Un musée jardin pour découvrir les insectes

Julien nous emmène à la salle d’élevage. Chaleur, lumière, humidité, toutes les conditions sont réunies à l’entomoculture. 80% des insectes du musée sont nés dans cette pièce. Une succession de caisses en plastique peuplent les étagères qui vont du sol au plafond. Pour permettre l’épanouissement de chaque espèce, un substrat de fibres de coco, de carton, de sable, à chacune sa surface de prédilection.
Après en avoir pris plein les yeux, c’est au tour des oreilles d’être à la fête dans le caisson sonore. Ici, on reconnait le chant du grillon, là, le bourdonnement des abeilles. Paul trépigne, aimanté par la jungle. Végétations géantes, chaleur et pénombre sont désormais de la partie pour nous immerger dans le milieu sauvage. Scorpions, blattes, mygales et autres araignées tropicales en jettent plein les yeux. Le fiston est bouche bée.
Un peu plus loin, la tente exploratrice fait la part belle à une espèce on ne peut plus commune : la fourmi. Les ouvrières sont à pied d’œuvre. Elles coupent des feuilles à tour de pattes qu’elles transportent ensuite tout le long d’une corde jusqu’à la fourmilière dans laquelle un champignon géant occupe tout l’espace.
 

Scorpion

« On dit que l’homme a inventé l’agriculture il y a 10 000 ans, mais les fourmis sont les pionnières. Elles mâchent le végétal qui sert de substrat à la culture du champignon dont elles se nourrissent ensuite. Les deux espèces vivent en symbiose », explique Julien.Place aux coulisses, à la découverte des collections. Hexapoda compte quelque 10 000 boites entomologiques qui renferment plus de six millions de spécimens du monde entier. Ceux dont Julien est le plus fier se trouvent dans la collection de l’entomologiste belge Jean-Jacques Hennuy. Ici, un cadre avec des scarabées à la carapace verte, dorée, aux reflets métalliques, irisés ou cuivrés.
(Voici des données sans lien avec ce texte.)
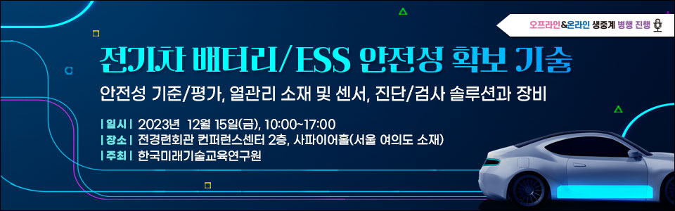 이번 세미나는 ESS와 전기차의 쟁점이 되고 있는 안전성 확보 기술을 여러 방면에서 분석하여 기술 전반에 걸친 명확한 방안을 제시함과 동시에 다양한 기술과 정보를 공유하며 그에 따른 전략을 제시하는 장이 될 것이다.

Là, des papillons aux ailes transparentes avec des notes de couleur différente dans le bas des ailes inférieures. Nous nous extasions comme deux gosses à coup de « Waw ».
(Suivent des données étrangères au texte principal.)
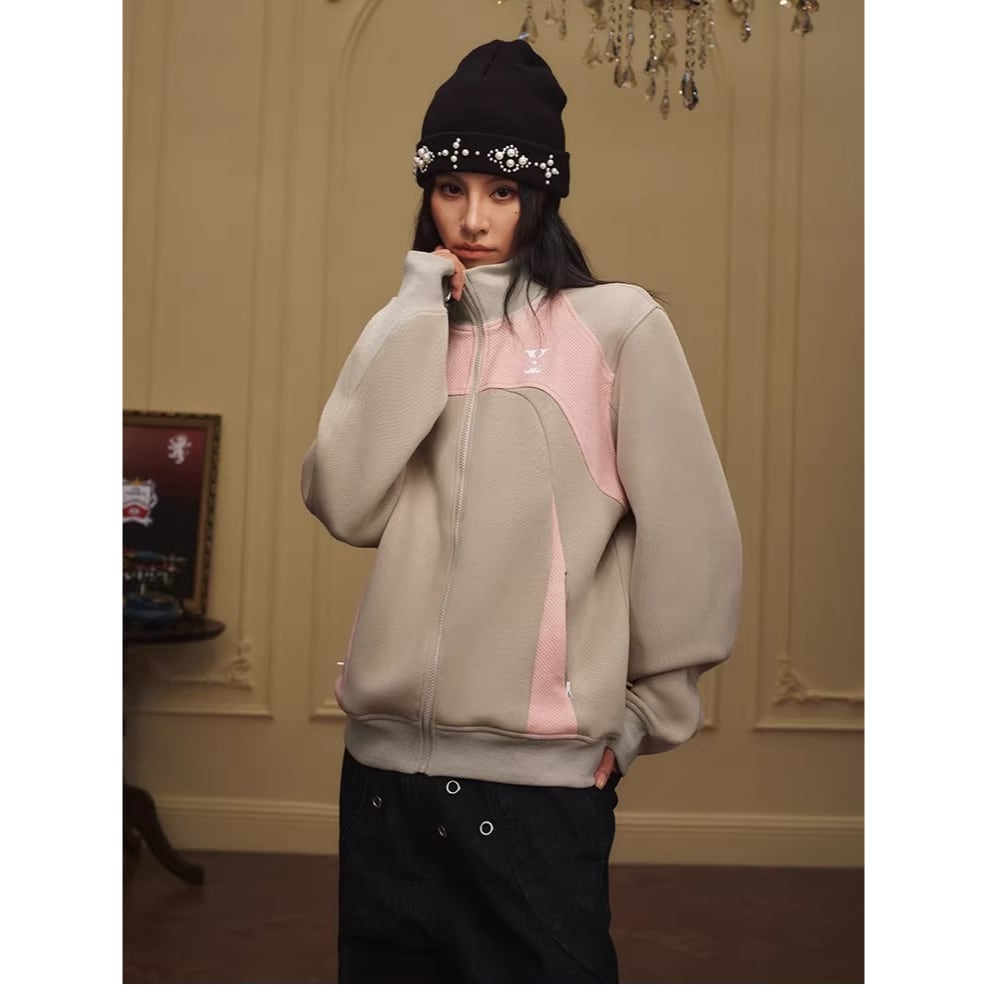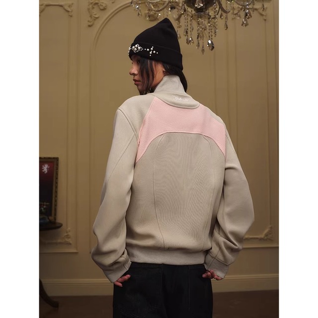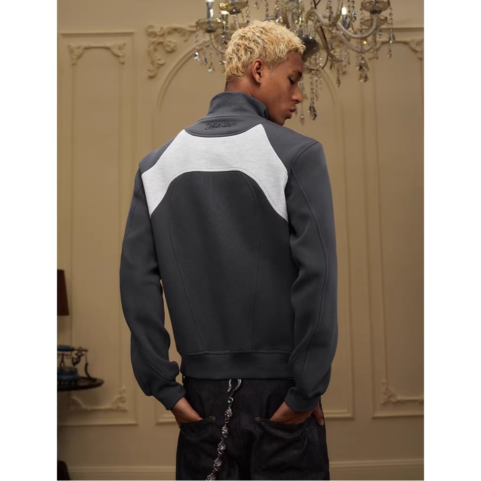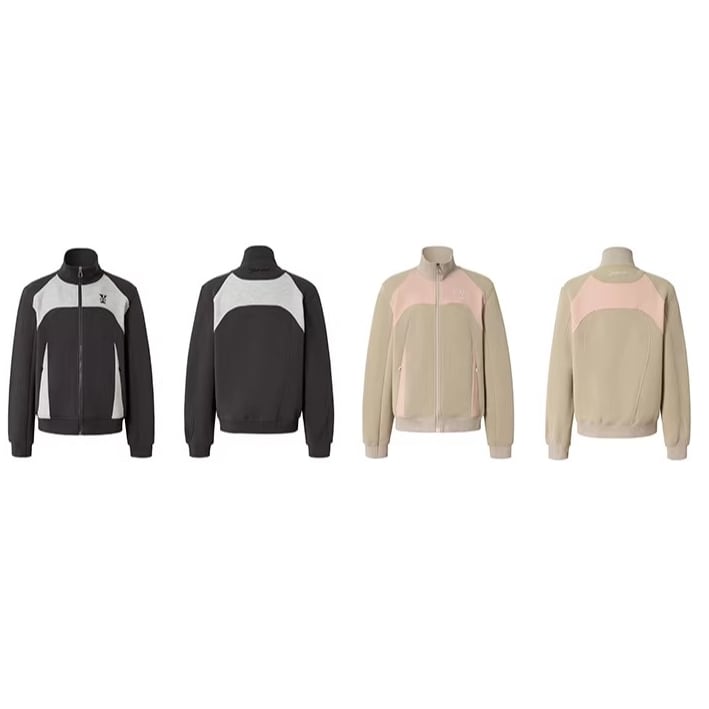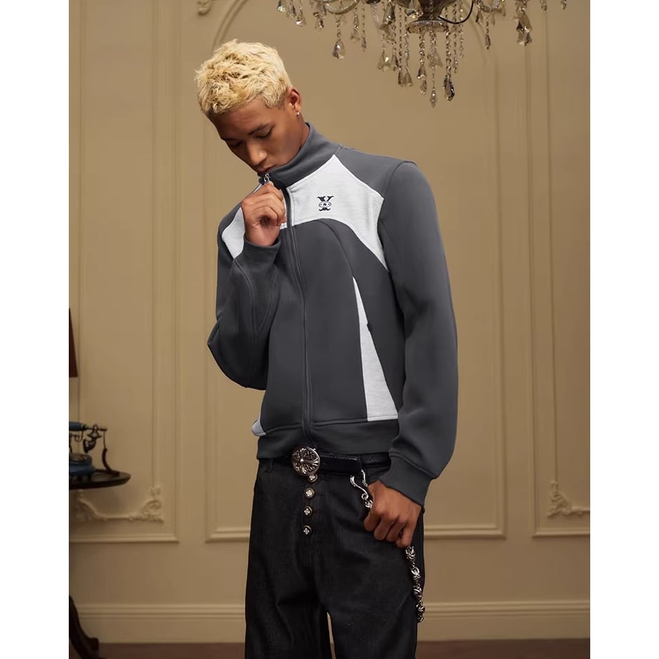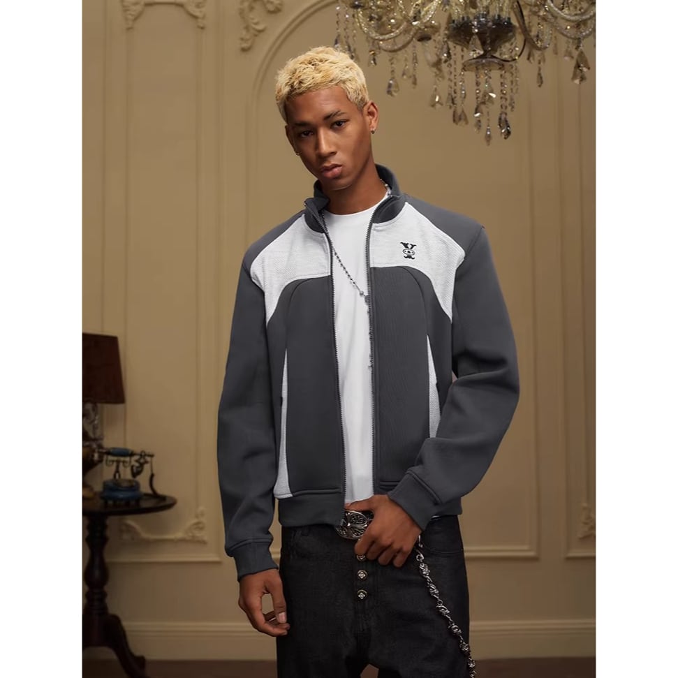 カラーブロックデザインが目を引くジップアップジャケット。

Si l’espace est à la fois ludique et ressourçant, il offre surtout la possibilité d’observer les insectes dans leur habitat naturel.

Le jardin véritable appât

Après une paire d’heures à déambuler dans le musée, nos gambettes trépignent de goûter au jardin. D’autant que, depuis juillet, un sentier sensoriel agrémente l’espace. Le parcours pieds nus commence au-dessus de la mare où libellules et demoiselles survolent une grappe de nénuphars. De grosses pierres forment un slalom à la surface de l’eau, le parcours se poursuit vers un bosquet de plantes mellifères. Sous nos pieds, copeaux de bois, pommes de pin et graviers se succèdent. Un tunnel végétal de glycine offre une aire de pique-nique géante bienvenue. On regrette de ne pas avoir emporté le nôtre.
Un peu plus loin, c’est le désert. Parterre de cactus et sable. Dans la foulée, un panneau aux fleurs géantes invite à s’essayer au lancer. Parviendrons-nous à viser les quelques paniers incrustés dans le décor ? Ni une, ni deux, nous empoignons les balles de tennis et nous prenons au jeu.

Hexapoda

Un petit pont de bois nous amène dans la partie plus sauvage avec un potager, des ruchers pédagogiques et autres herbes aromatiques. Des cordes tendues en quinconce nous invitent à ramper sans faire tinter les clochettes. D’autres défis parsèment le jardin, comme cette toise en bois face à laquelle on doit sauter comme une ouce ou le bac à sable pour se prendre pour une sauterelle. Si l’espace est à la fois ludique et ressourçant, il offre surtout la possibilité d’observer les insectes dans leur habitat naturel.
Nous repartons conquis. Hexapoda nous a fait voir les insectes sous un jour nouveau et permis de mieux saisir leur utilité dans notre quotidien. Objectif atteint !

Prix tribu de 25 à 50€, à vous de choisir votre tarif entre l’option butineur, pollinisateur et bâtisseur de ruche.